**What is expected:** If a line in the records contains the string "natürliche", show that line.

**Records from a data source:**
━━━━━━━━━━━━━━━━━━━━━━━━━━━━━━
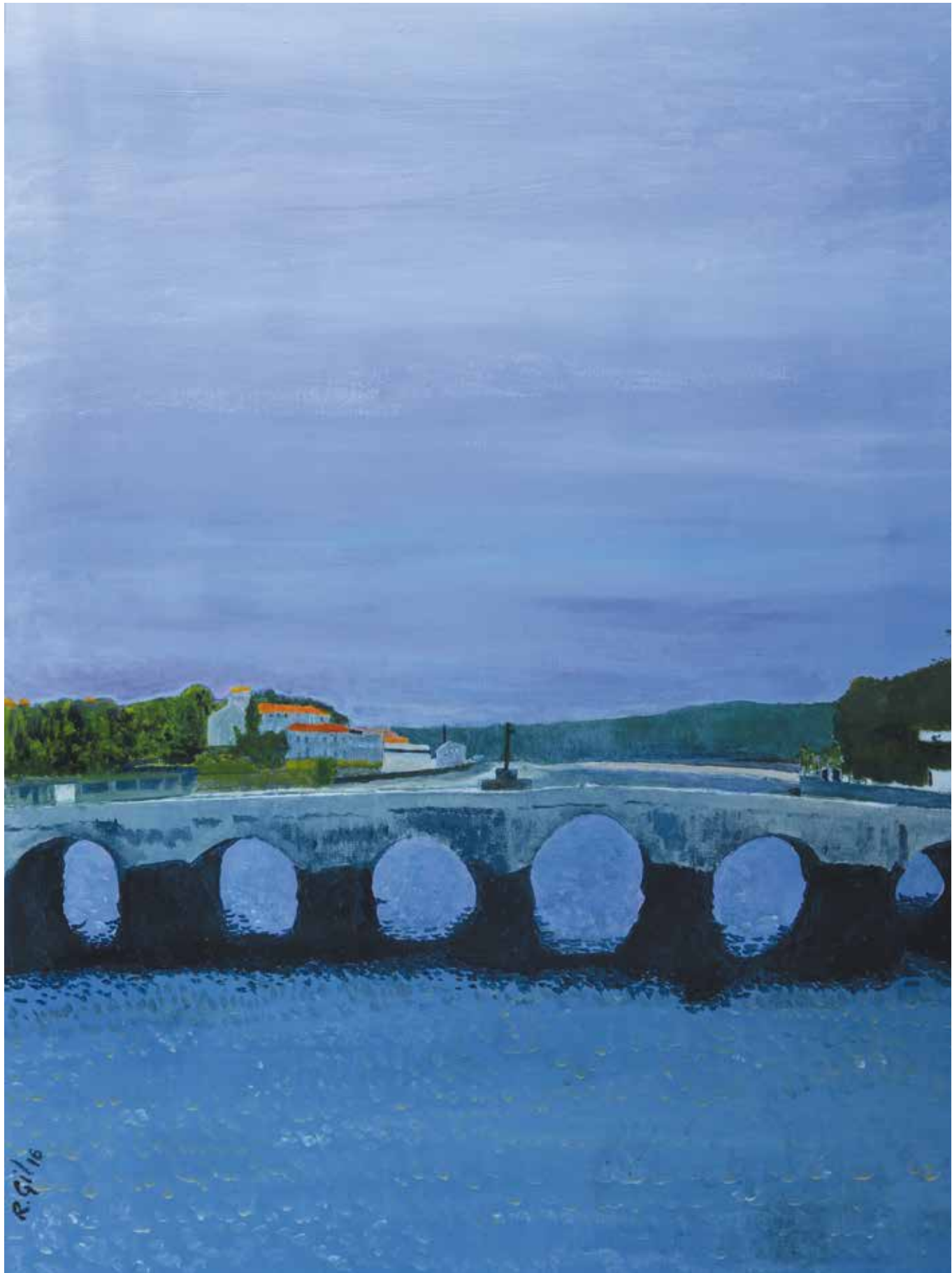
PUENTE ROMÁNICO A RAMALLOSA Acrílico sobre lienzo
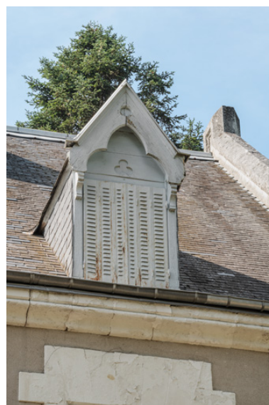
Lucarne de droite du versant sud-est de la toiture. IVR26_20195800493NUC4A
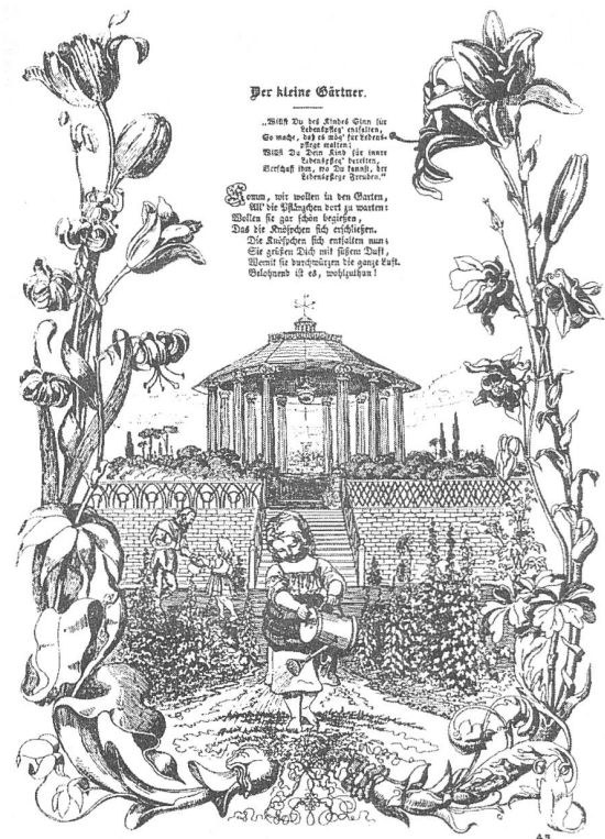
Das natürliche Kind. Aus: Fröbel/Pfaehler 1982

Natur ist Schöpfung , letztlich ideelle Schöpfung, anders wäre sie nicht "divin". Wer damit im Widerspruch steht, kann nur das finale Unglück erleben, eben das macht die Arroganz des Bösen aus. Die richtige Erziehung 3 legt die Grundlage für Tugend und Glück, sofern sie im Einklang mit der Natur steht. Die natürliche Erziehung ist die des Hauses , und im Haus mehrheitlich der Mutter und nicht des Vaters 4 . Im juste milieu der Familie (S. 378) lernen Kinder unaufhörlich (S. 374), vorausgesetzt ihre "curiosité naturelle" (S. 375) und "une petite vanité naissante" (ebd.). Kinder lernen spielend (S. 375f.), unterstützt von der "tendresse" der Mütter, soweit diese nicht hypokritisch wird 5 . Kinder beobachten die Fehler der Erwachsenen (S. 380), sie unterwerfen sich dem Gesetz, aber registrieren sehr ge-
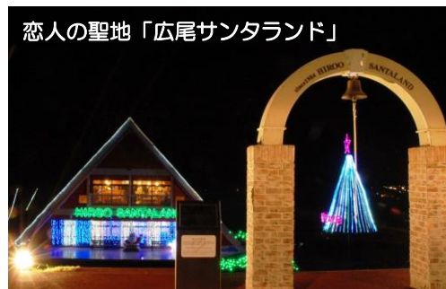
恋人の聖地「広尾サンタランド」
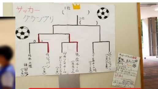
サッカーグランプリ
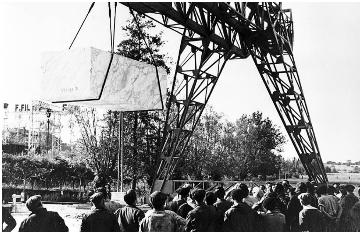
Inauguration : essai de résistance avec un bloc de marbre de 30 tonnes.

39, Saint-Amour, 2 à 6 rue de la Marbrerie
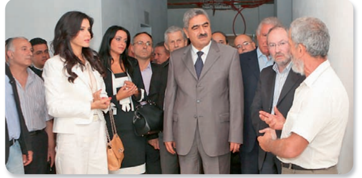
مدير عام وزارة الصحة يتفقد المستشفى الحكومي برفقة نائبي المنطقة

وباسم الحاضرين بالشكر إلى رئيس الحكومة الأستاذ نجيب ميقاتي وإلى وزير الصحة العامة الأستاذ علي حسن خليل. وأكد، في ختام كلمته، أن «القوات اللبنانية»، ورغم الظروف الصعبة، مصممة على النهوض بشري وبالجمّة. ثم ألقى الدكتور وليد عمار كلمة جاء فيها: «يسعدني أن أمثّل معالي وزير الصحة علي حسن خليل في هذه المناسبة لإطلاق العمل بتأهيل المبنى الملحق بمستشفى بشري الحكومي، وهي خطوة من شأنها تطوير العمل في المستشفى، ما سيؤدي إلى زيادة عدد الأسرة ليصبح ٣٥ عند انتهاء المشروع، تخصّص لاستيعاب الحالات الاضافية ولاستقبال الحالات المرضية للاقامة الطويلة، بما يلبي احتياجات منطقة بشري والقرى المجاورة، ويوفّر العناية اللازمة للأهالي. إن وزارة الصحة تسعى إلى تعميم الاستشفاء الحكومي في المناطق الريفية، ولقد قامت بالتنسيق مع نواب هذه المنطقة وفعاليتها بتطوير مستشفى بشري الحكومي وتجهيزه لتأمين الخدمات الصحية والتشخيصية المناسبة. كما قامت، بعد موافقة مجلس الوزراء بالتعاون مع مجلس إدارة المستشفى، باستئجار المبنى الجديد لإلحاقه بالمستشفى الأساسي، وهي تتابع إيجاد الوسائل والموارد بحيث يكلف مجلس الإنماء والإعمار بإنجاز عمل التأهيل والتجهيز، وتقدر الكلفة بمليار وثمانمئة ألف ليرة لبنانية. وانطلاقاً من رؤية الوزارة لتعزيز المستشفيات الحكومية وتطويرها، تمّ اعتماد آلية لاستقلالية
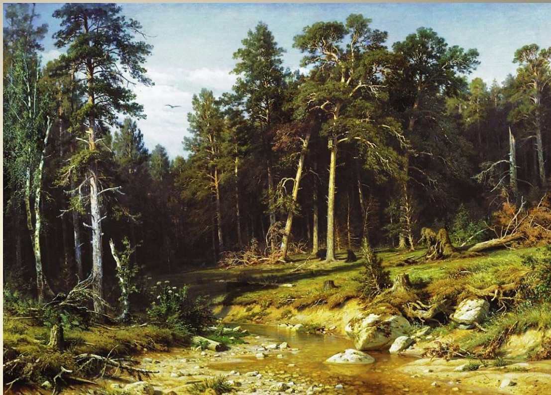
«Сосновый бор. Мачтовый лес в Вятской губернии»

Известная картина «Сосновый бор. Мачтовый лес в Вятской губернии» была написана И. И. Шишкиным в 1872 году, в период наступления творческой зрелости. За нее художник получил свою первую премию от Общества передвижных художников. Полотно все как будто пронизано ярким солнечным светом. Стройные сосны-великаны нежатся в его теплых лучах. Кажется, будто чувствуешь запах земли и смолы. Лесной ручей неторопливо струится по чистому дну, усеянному камнями. Пейзаж безмятежен и светел по настроению.
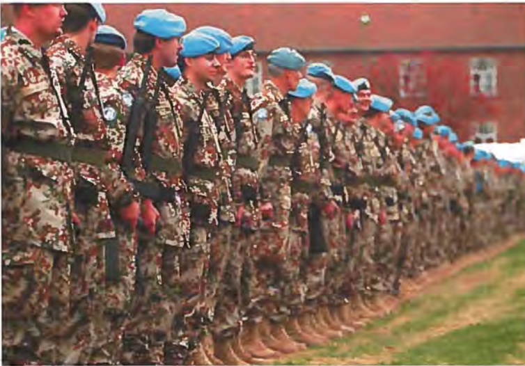
Parade før udsendelsen af SHIRBRIG, hvor de nye uniformer og de blå baretter lyser op.

SHIRBRIG holder afskedsparade på Høvelte Kaserne i Nordsjælland forud for udsendelsen til Eritrea.
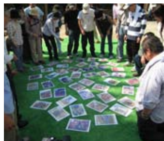
↑世界遺産サミットイン万田坑
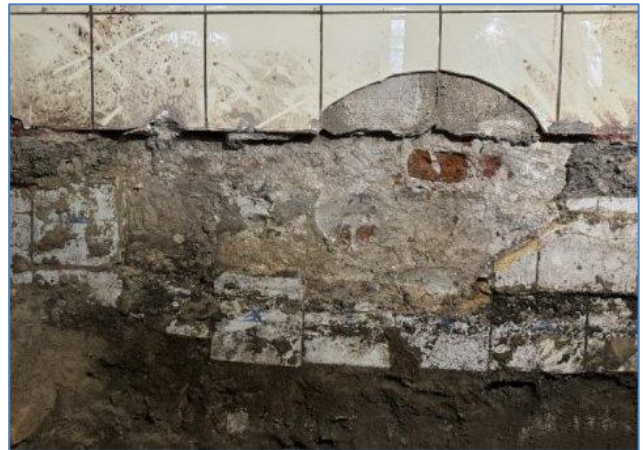
Links: bij het uitgraven van de vloer van het souterrain werd een oud waterreservoir gevonden. Vanuit dat reservoir liep een loden leiding in de richting van de plaats waar de waterpomp moet hebben gestaan. Rechts: de onderkant van de grotere tegels op de muur geeft het vloerniveau aan zoals dat tot voor kort was. Bij het uitgraven werden daaronder resten van Delftsblauwe tegeltjes aangetroffen. Die geven aan dat het oorspronkelijke vloerniveau van het souterrain zo'n 25 centimeter lager moet hebben gelegen.
━━━━━━━━━━━━━━━━━━━━━━━━━━━━━━
**Reply to the task:**
Das natürliche Kind. Aus: Fröbel/Pfaehler 1982
Natur ist Schöpfung , letztlich ideelle Schöpfung, anders wäre sie nicht "divin". Wer damit im Widerspruch steht, kann nur das finale Unglück erleben, eben das macht die Arroganz des Bösen aus. Die richtige Erziehung 3 legt die Grundlage für Tugend und Glück, sofern sie im Einklang mit der Natur steht. Die natürliche Erziehung ist die des Hauses , und im Haus mehrheitlich der Mutter und nicht des Vaters 4 . Im juste milieu der Familie (S. 378) lernen Kinder unaufhörlich (S. 374), vorausgesetzt ihre "curiosité naturelle" (S. 375) und "une petite vanité naissante" (ebd.). Kinder lernen spielend (S. 375f.), unterstützt von der "tendresse" der Mütter, soweit diese nicht hypokritisch wird 5 . Kinder beobachten die Fehler der Erwachsenen (S. 380), sie unterwerfen sich dem Gesetz, aber registrieren sehr ge-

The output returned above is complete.